-- Exercise --
What's wanted here is the full listing below, repeated exactly, with no images in it.

-- Supplied data --
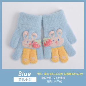 子供の手袋の冬の5本の指の保温の漫画のイチゴのウサギの赤ちゃんのベルベットの指のカバーの男女の子供の外出は厚くて凍ることを防ぎます。
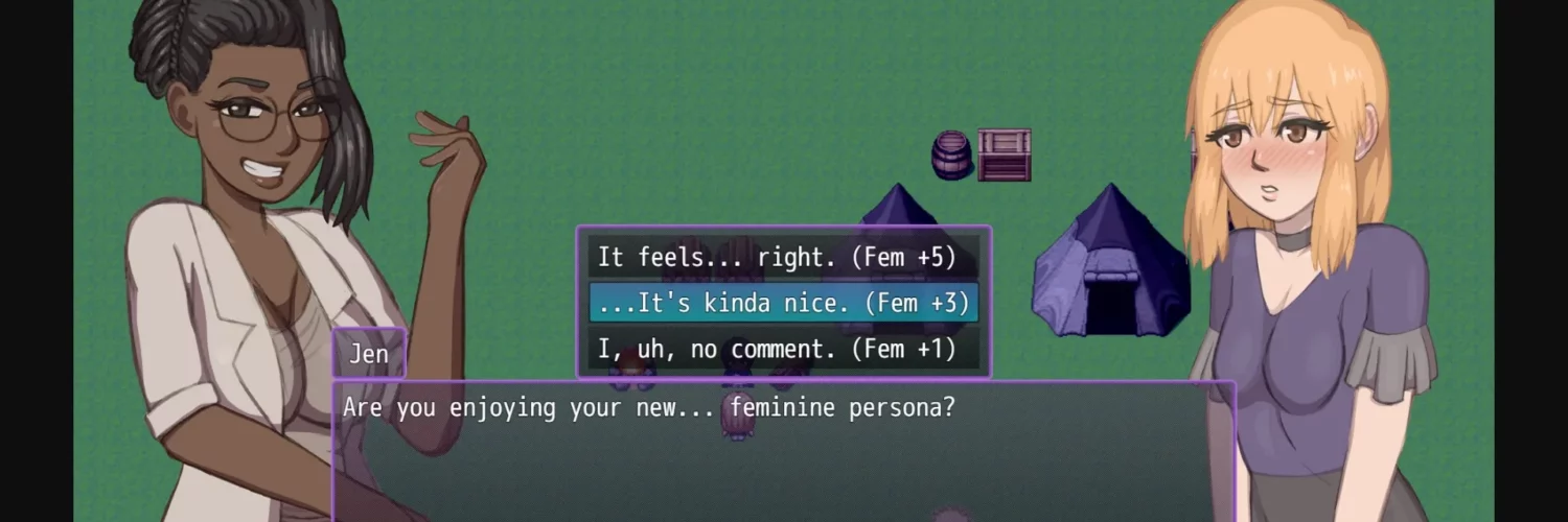 - Jen has one new expression in all her outfits, and Fantasy Protagonist has two new expressions, which have been retroactively added to scenes!
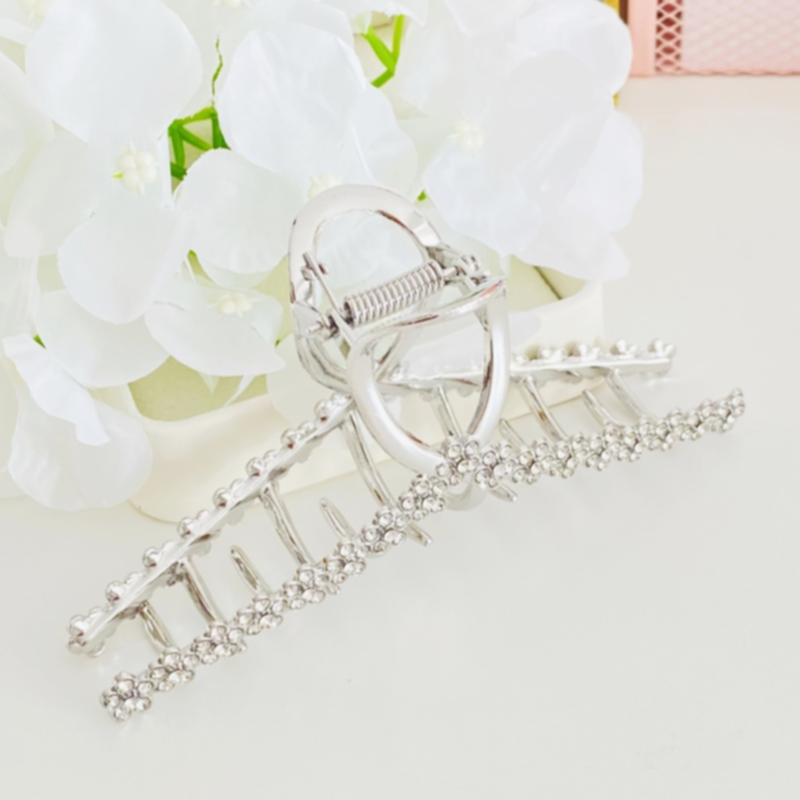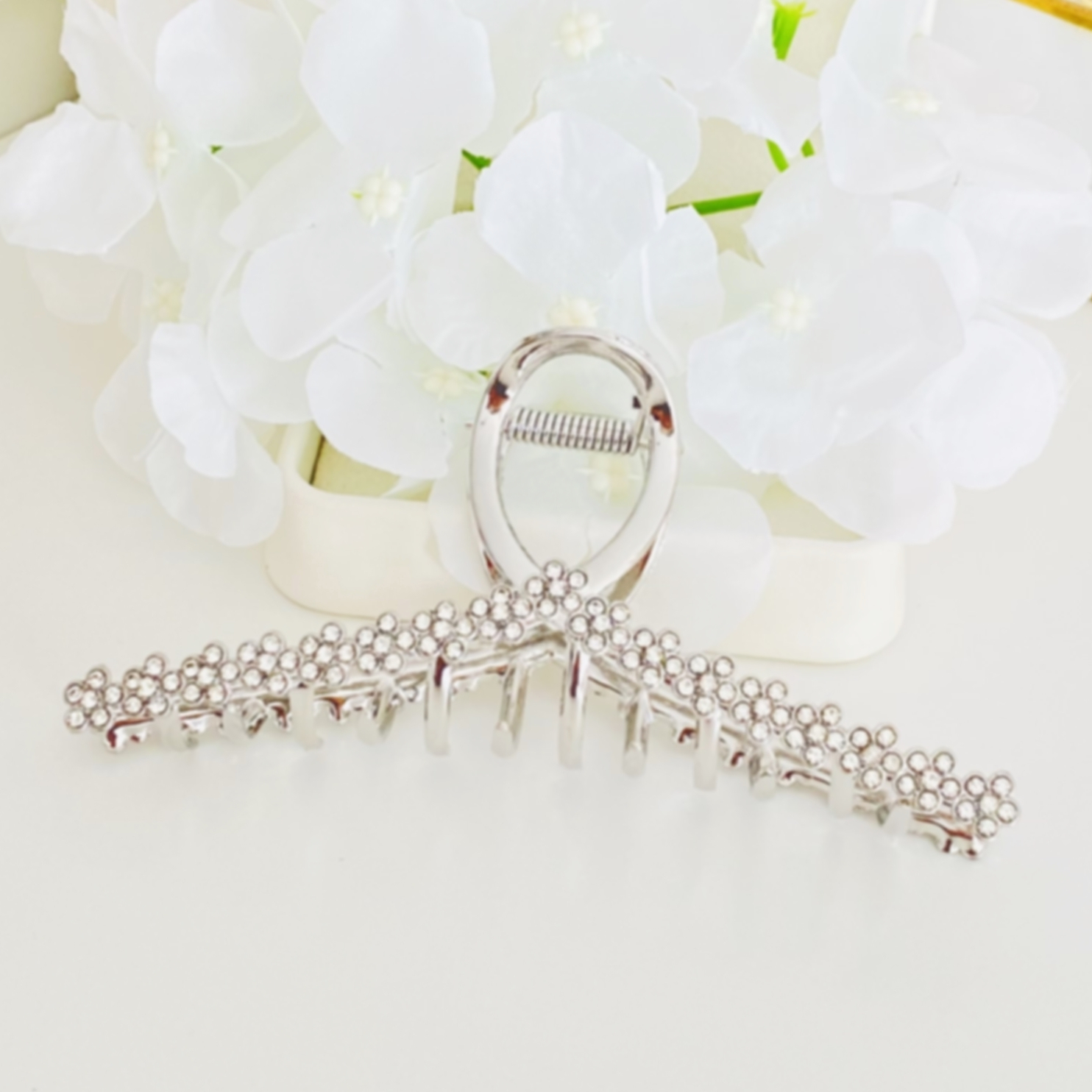 Clama de par din metal argintiu, bogat decorata cu cristale, absolut superba.
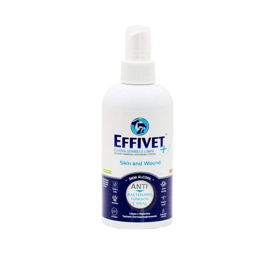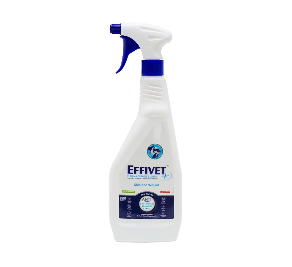 Effivet para a pele e feridas, adequado para várias espécies de animais, é um spray com ácido hipocloroso que aumenta o fluxo sanguíneo para a zona da ferida e elimina 99.9%das bactérias, vírus e fungos, reduzindo a inflamação e eliminando o odor
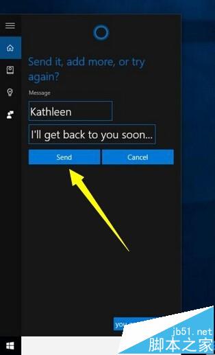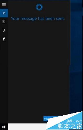 7、待手机发送文本短信内容成功后,Win10PC端Cortana将显示“发送消息成功”的提示。
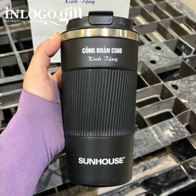 Hình ảnh thực tế mẫu ly giữ nhiệt in logo thương hiệu Sunhouse được InLogoGift cung cấp cho khách hàng

-- Reply --
 子供の手袋の冬の5本の指の保温の漫画のイチゴのウサギの赤ちゃんのベルベットの指のカバーの男女の子供の外出は厚くて凍ることを防ぎます。
 - Jen has one new expression in all her outfits, and Fantasy Protagonist has two new expressions, which have been retroactively added to scenes!
 Clama de par din metal argintiu, bogat decorata cu cristale, absolut superba.
 Effivet para a pele e feridas, adequado para várias espécies de animais, é um spray com ácido hipocloroso que aumenta o fluxo sanguíneo para a zona da ferida e elimina 99.9%das bactérias, vírus e fungos, reduzindo a inflamação e eliminando o odor
 7、待手机发送文本短信内容成功后,Win10PC端Cortana将显示“发送消息成功”的提示。
 Hình ảnh thực tế mẫu ly giữ nhiệt in logo thương hiệu Sunhouse được InLogoGift cung cấp cho khách hàng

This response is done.